Dr. Banks stood in front of me, impatient, forbidding. With a boot in each hand he swung them together lightly, so they just tapped, once, twice. Then he set the boots back down.
“I don't know how the body heals, Thomas,” he said quietly. “I wish I did. There are things I can do for my patients, ways I can help them, but I've been around long enough to know that most of the animals that get better here pretty much heal themselves. And then some don't, you know; they don't heal themselves, they don't get better. They just...” he waved his hand vaguely in the air. He didn't say “die.”
“And I've been to a couple of those tent meetings. Just to see, to watch. But I don't believe—”
I think I frowned. He shook his head, and continued, rapidly: “But that's not the point, what I believe. I think some of the people really are helped, really are helped to heal because they do believe. But I don't know how to make an animal believe, Thomas. It's a question I've rolled around in my head for some years. I try to be as gentle as I can with them, and confident, somehow, so they might sense that they are in good hands, but I don't know how to make them believe. So I don't know how anyone could help your deer. Not with only his bare hands.”
I nodded, slowly, solemnly.
“Does that answer your question, young man?” Dr. Banks asked me, a little sharply; but I sensed a rough kindness in his voice.
“Thank you, sir,” I said, and walked slowly away, and heard the side door of his office bang shut.

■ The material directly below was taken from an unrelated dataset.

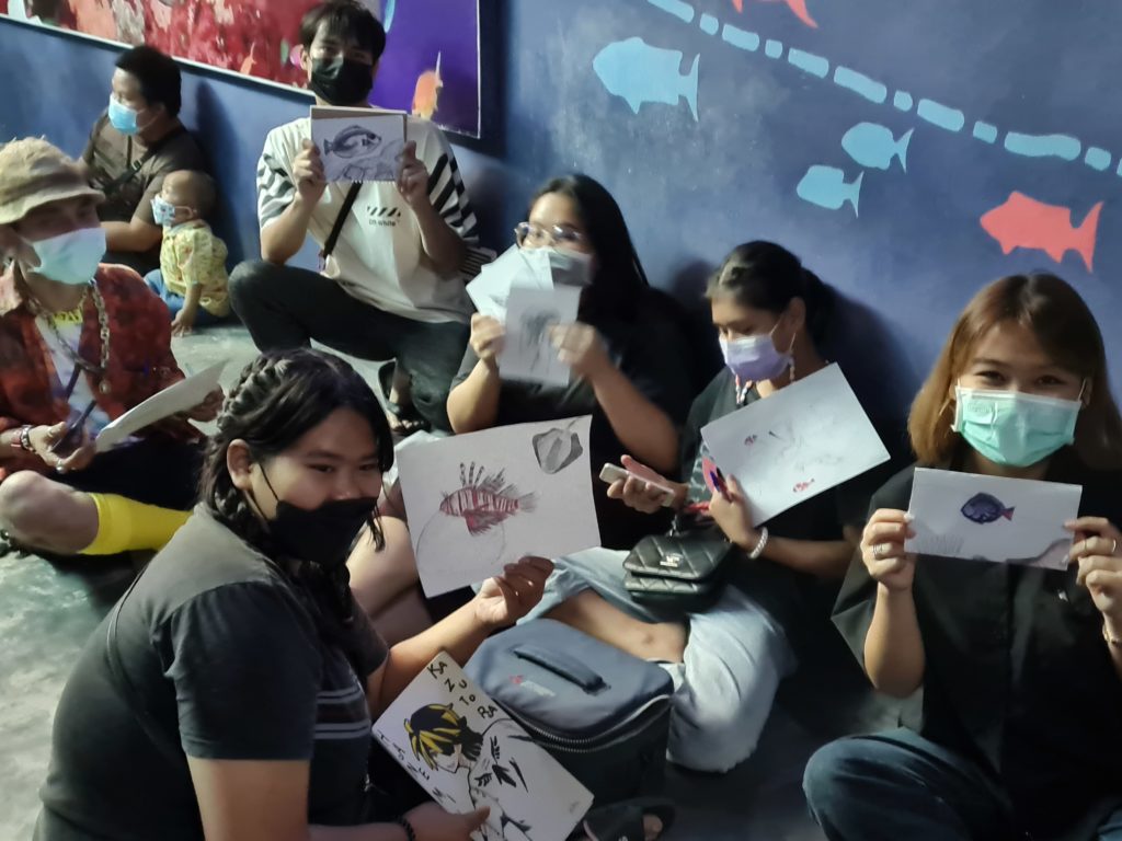 ตอนนี้ Feel Trip มีอยู่ 4 กิจกรรม คือ หนึ่ง-Action Project คือกิจกรรมของน้องๆ ใน Feel Trip บางคนที่เลือกจะกลับบ้าน หรือทำงานในพื้นที่ของเขา อย่างเช่น ‘แปลงผักนุ้ยนุ้ย’ โปรเจกต์ที่ต้องการสร้างพื้นที่สีเขียวในระดับครัวเรือนและชุมชนที่จังหวัดกระบี่ เพื่อให้ผู้คนสามารถอาศัยอยู่ได้ในช่วงโควิด

I walked down Main, looking at the sky. It wouldn't be light much longer. My pace quickened. I had about three or four miles to walk. It seemed I had more energy now, a lot more energy. I started to run, down where Main Street turned into Route 11 heading out of town. I plunged into the meadow land that bordered the town and led out toward the woods where I had met Emma what felt like years before. I was running as fast as I could, feeling as light and quick as a fast-moving stream.
I was laughing, my eyes tearing from the cold and from the run. I circled, at a slow, dizzy trot, the base of the bramble-covered hill, deep in the woods, where Emma and I had talked.

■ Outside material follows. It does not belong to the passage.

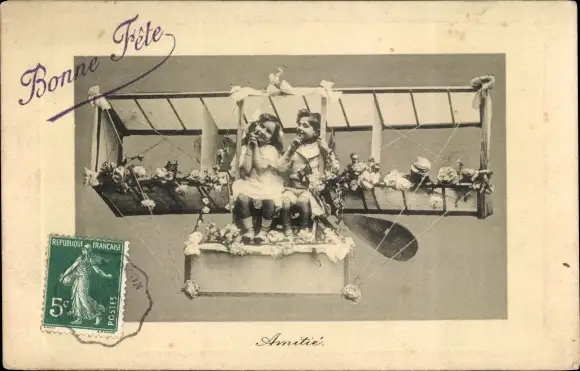 Ak Amitie, Zwei Mädchen in einem Flugzeug, Doppeldecker

“Emma!” I shouted. Then I bent over, catching my breath. I didn't have to shout, I thought. She knows I'm here. I was certain she would show up any moment. I was grinning. I was grateful to Dr. Banks. I felt like now I had some very specific questions that I could ask Emma.

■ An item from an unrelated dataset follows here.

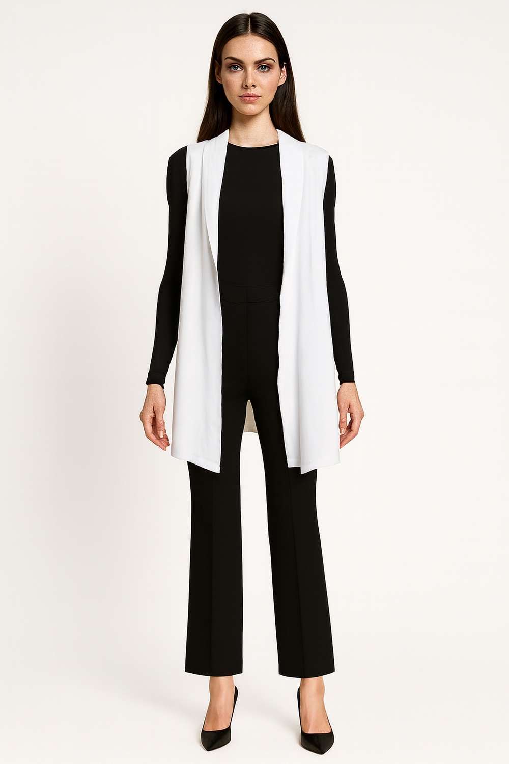 Chaleco largo abierto con solapa ancha de caída fluida que aporta movimiento y presencia, silueta alargada que estiliza la figura, cualquier outfit con un toque moderno, profesional y formal sin esfuerzo

Of course, I was wrong. For all his generosity, Dr. Banks had not left me much wiser than I had been before. But I felt that I had broken through the husk of this question that had consumed me the last twenty-four hours. I felt elated. I looked around me. The light was starting to fade; the sky above me was a lovely deep cobalt blue, edging slightly deeper and darker, second by second. A light, cool breeze wrapped through the trees. An involuntary shiver passed through me.
“Emma,” I said quietly, imploringly.
I hugged my arms around myself. I listened, strained to listen, to feel . . . something. My heart was pounding. I was too keyed up. There was nothing that I could feel. I waited another ten minutes or so, but Emma never appeared.